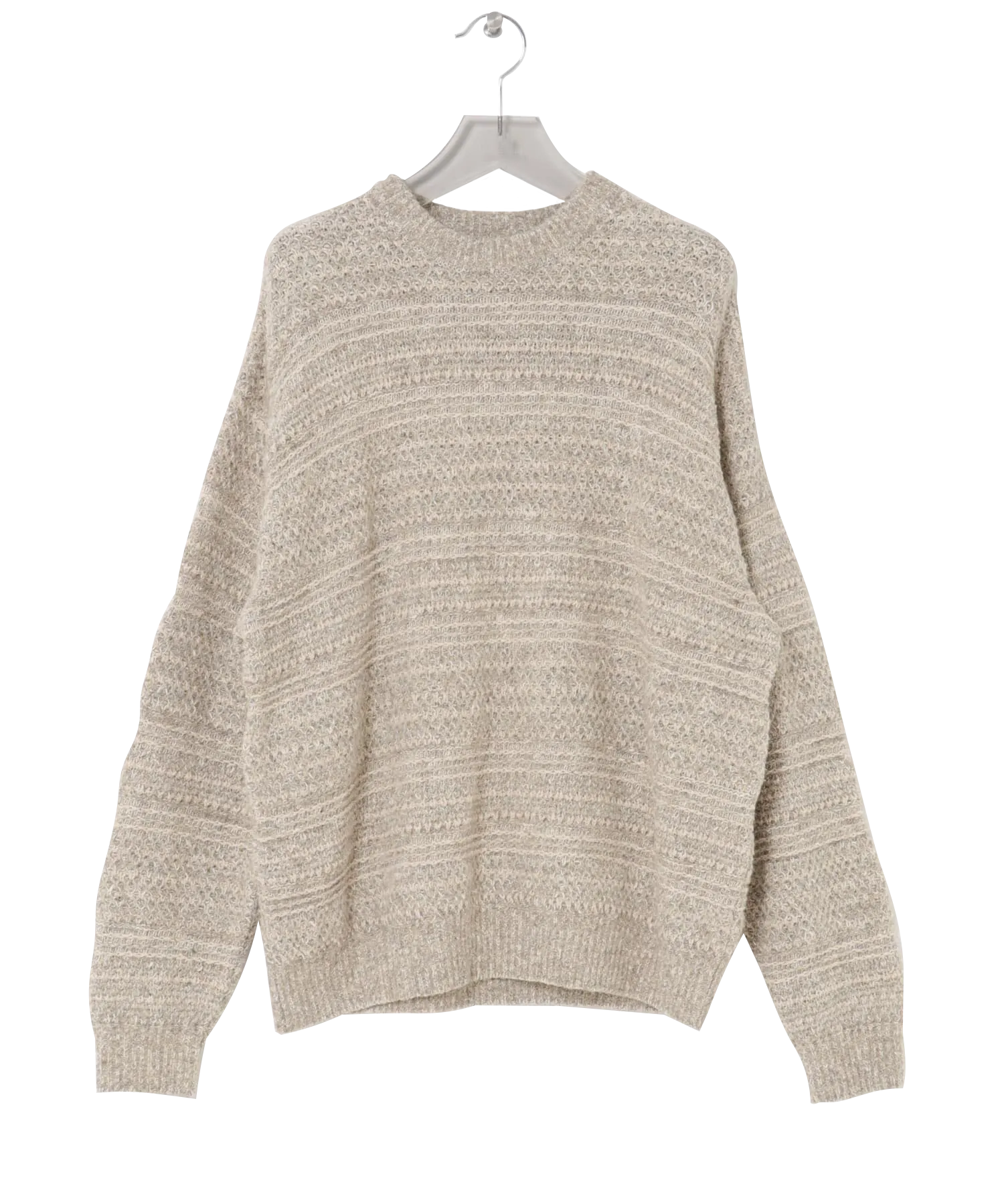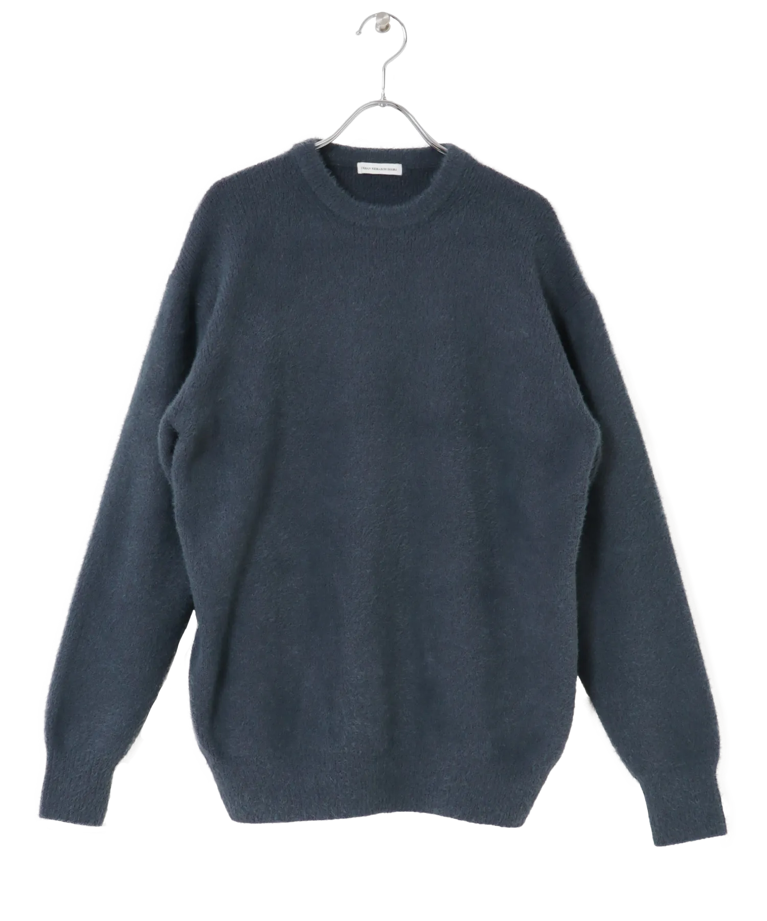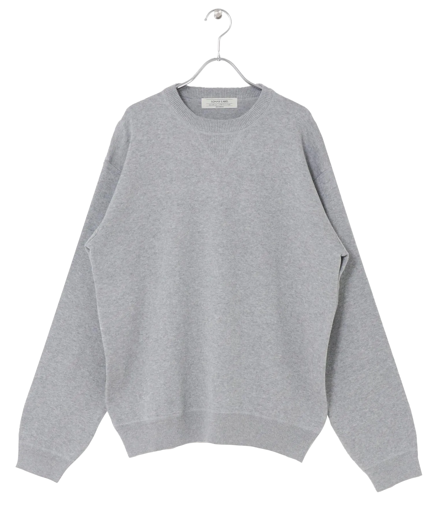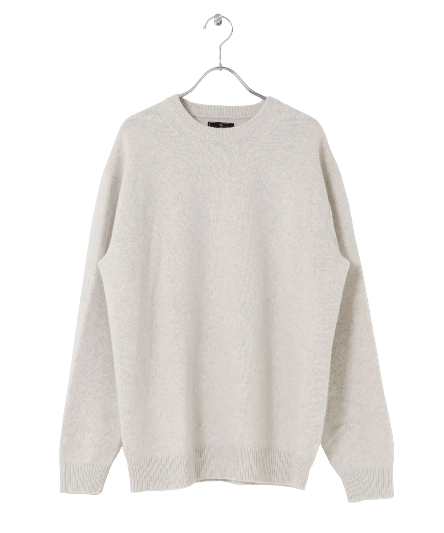 crepusculeに別注した特別感のあるニット。インラインにはない型と色をゼロから採用し、3色の撚り杢生地で独特の風合いに仕上げました。ネックラインを浅めに設定することで、上品さと着回しの良さを両立しています。
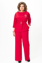 Костюм женский. В комплект входит футболка с рукавом 3/4 и бриджи ниже колен, без карманов. По переду асимметрия из двух видов ткани.
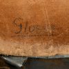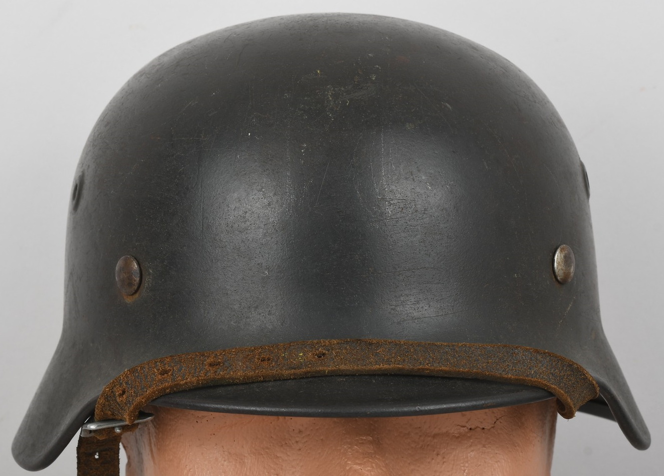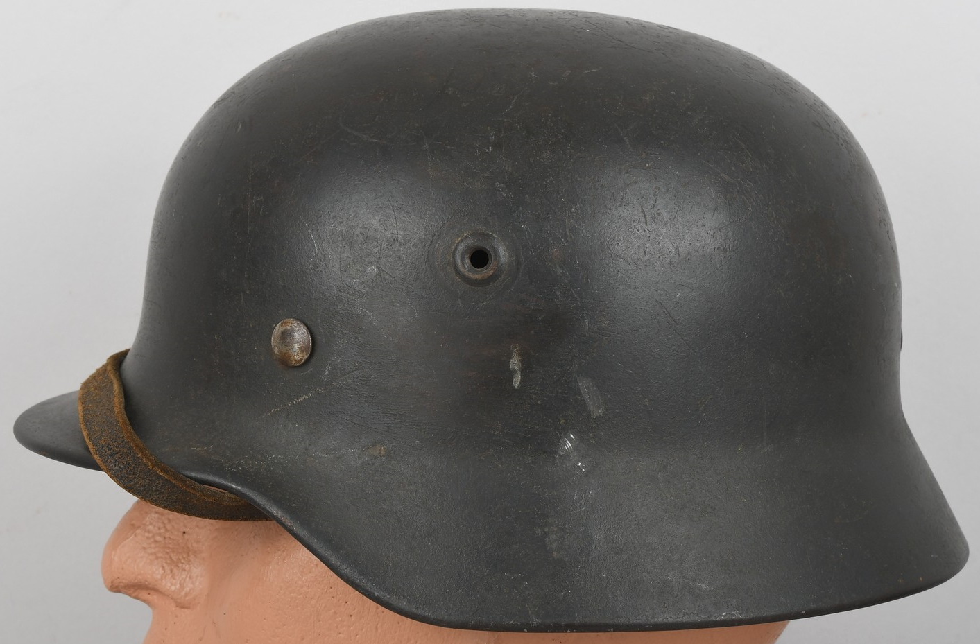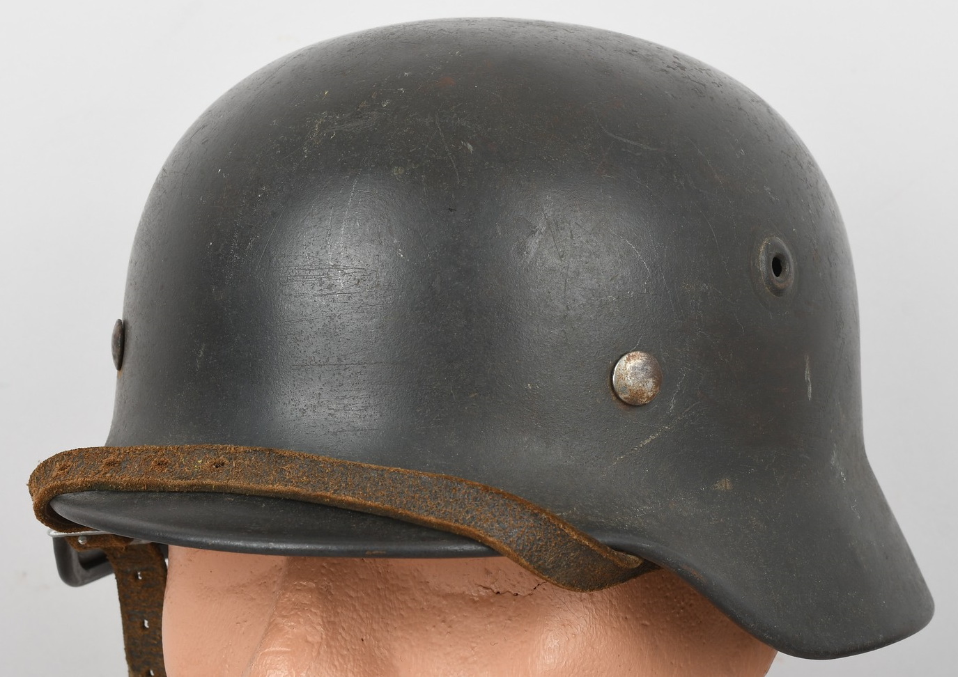 The stamped sheet steel construction helmet retains 95%+ of its dark, field-grey paint. All three liner retaining rivets are intact. The interior of the helmet is complete with all leather liner fingers intact. Original size adjustment string is present. The former owner’s name “Gloser” is hand written to the lining. Left inside is marked “Q64”. 64 is the helmet size and Q stands for company Quist located in Esslingen. The reverse interior neck guard apron is serial number marked “T729”. Original chinstrap is also present. The helmet is in good, still used condition with most of the original dark grey finish still intact. Liner shows a nice dust and light rust build up that we like to see. Leather parts is overall good with some dry parts.
· · · · · · ·
* PROBLEM DETAILS:
Begin at the first line of the data above and repeat each line exactly, stopping after the line containing "Костюм женский. В". Omit the pictures.

* WRITTEN ANSWER:
 crepusculeに別注した特別感のあるニット。インラインにはない型と色をゼロから採用し、3色の撚り杢生地で独特の風合いに仕上げました。ネックラインを浅めに設定することで、上品さと着回しの良さを両立しています。
 Костюм женский. В комплект входит футболка с рукавом 3/4 и бриджи ниже колен, без карманов. По переду асимметрия из двух видов ткани.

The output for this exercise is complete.